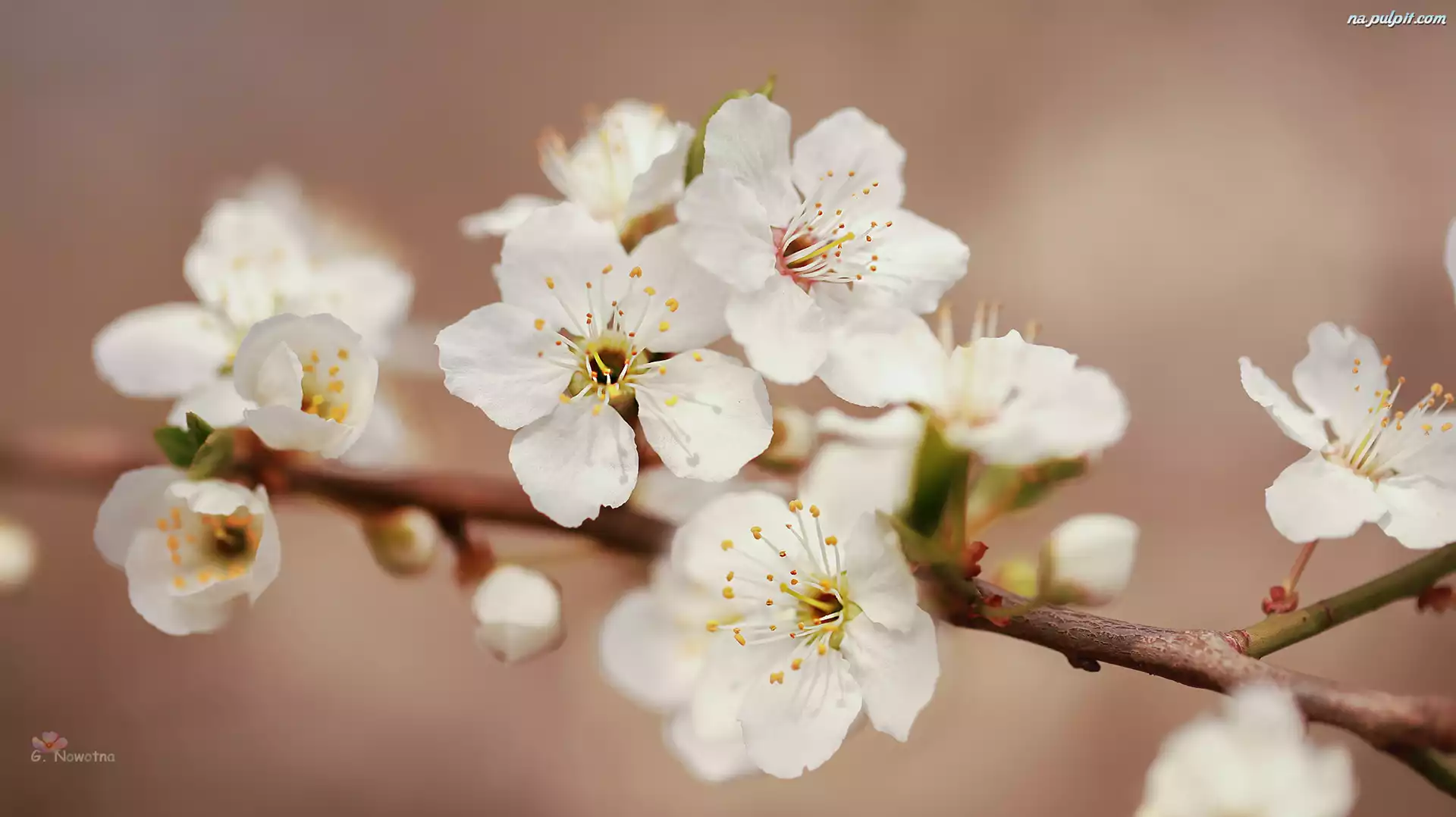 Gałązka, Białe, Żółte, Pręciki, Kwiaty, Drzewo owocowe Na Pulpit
* * *
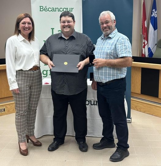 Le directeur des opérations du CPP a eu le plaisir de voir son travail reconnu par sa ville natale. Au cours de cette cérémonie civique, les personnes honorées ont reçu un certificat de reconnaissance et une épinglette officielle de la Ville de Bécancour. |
==
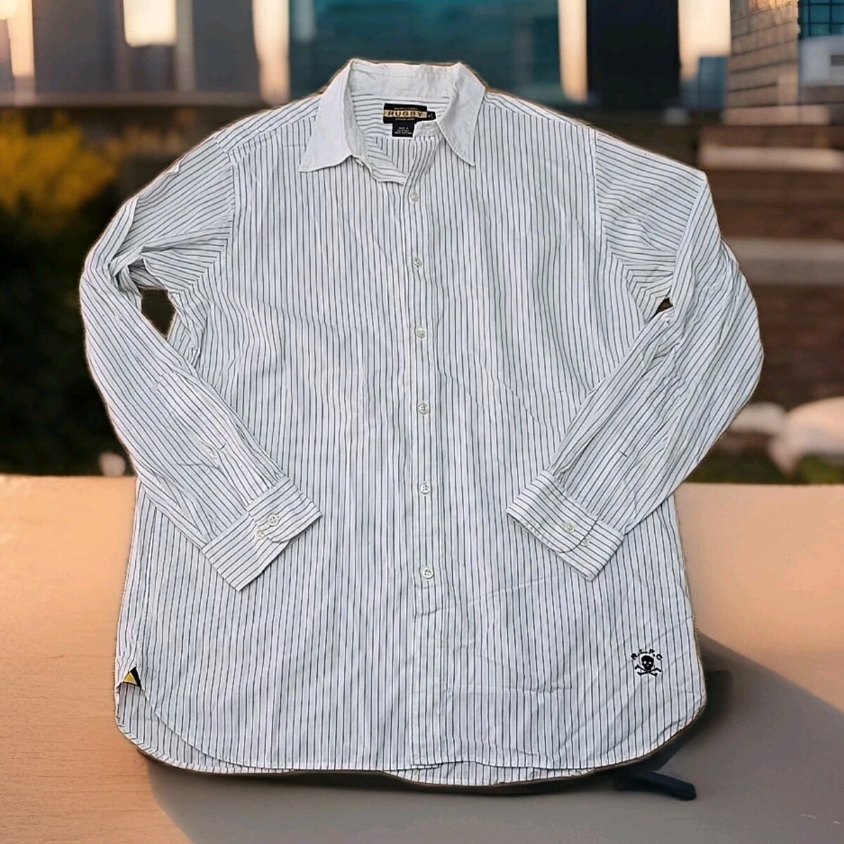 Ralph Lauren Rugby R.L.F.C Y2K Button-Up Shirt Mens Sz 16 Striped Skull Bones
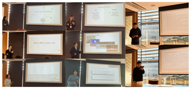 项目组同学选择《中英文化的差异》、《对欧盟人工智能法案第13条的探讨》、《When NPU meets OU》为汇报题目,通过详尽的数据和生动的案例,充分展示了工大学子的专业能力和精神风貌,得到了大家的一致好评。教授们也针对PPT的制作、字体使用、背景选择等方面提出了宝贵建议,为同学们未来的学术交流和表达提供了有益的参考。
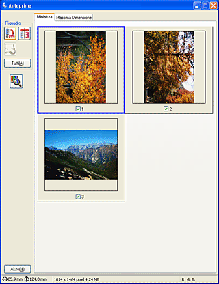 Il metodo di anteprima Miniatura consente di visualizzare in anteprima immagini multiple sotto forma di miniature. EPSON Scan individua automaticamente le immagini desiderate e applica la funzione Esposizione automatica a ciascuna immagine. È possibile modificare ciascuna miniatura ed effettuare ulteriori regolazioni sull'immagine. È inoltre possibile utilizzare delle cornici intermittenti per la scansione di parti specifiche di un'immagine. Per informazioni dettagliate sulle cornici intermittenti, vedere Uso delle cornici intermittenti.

[WHAT YOU NEED TO DO] The answer should consist only of the lines above from the one with "项目组同学选择《中英文化的差异》、《对欧盟人工智能法案第13条的探讨》、《When NPU meets" through the one with "Il metodo di", repeated exactly, with no pictures among them.

[RESPONSE BOX]
 项目组同学选择《中英文化的差异》、《对欧盟人工智能法案第13条的探讨》、《When NPU meets OU》为汇报题目,通过详尽的数据和生动的案例,充分展示了工大学子的专业能力和精神风貌,得到了大家的一致好评。教授们也针对PPT的制作、字体使用、背景选择等方面提出了宝贵建议,为同学们未来的学术交流和表达提供了有益的参考。
 Il metodo di anteprima Miniatura consente di visualizzare in anteprima immagini multiple sotto forma di miniature. EPSON Scan individua automaticamente le immagini desiderate e applica la funzione Esposizione automatica a ciascuna immagine. È possibile modificare ciascuna miniatura ed effettuare ulteriori regolazioni sull'immagine. È inoltre possibile utilizzare delle cornici intermittenti per la scansione di parti specifiche di un'immagine. Per informazioni dettagliate sulle cornici intermittenti, vedere Uso delle cornici intermittenti.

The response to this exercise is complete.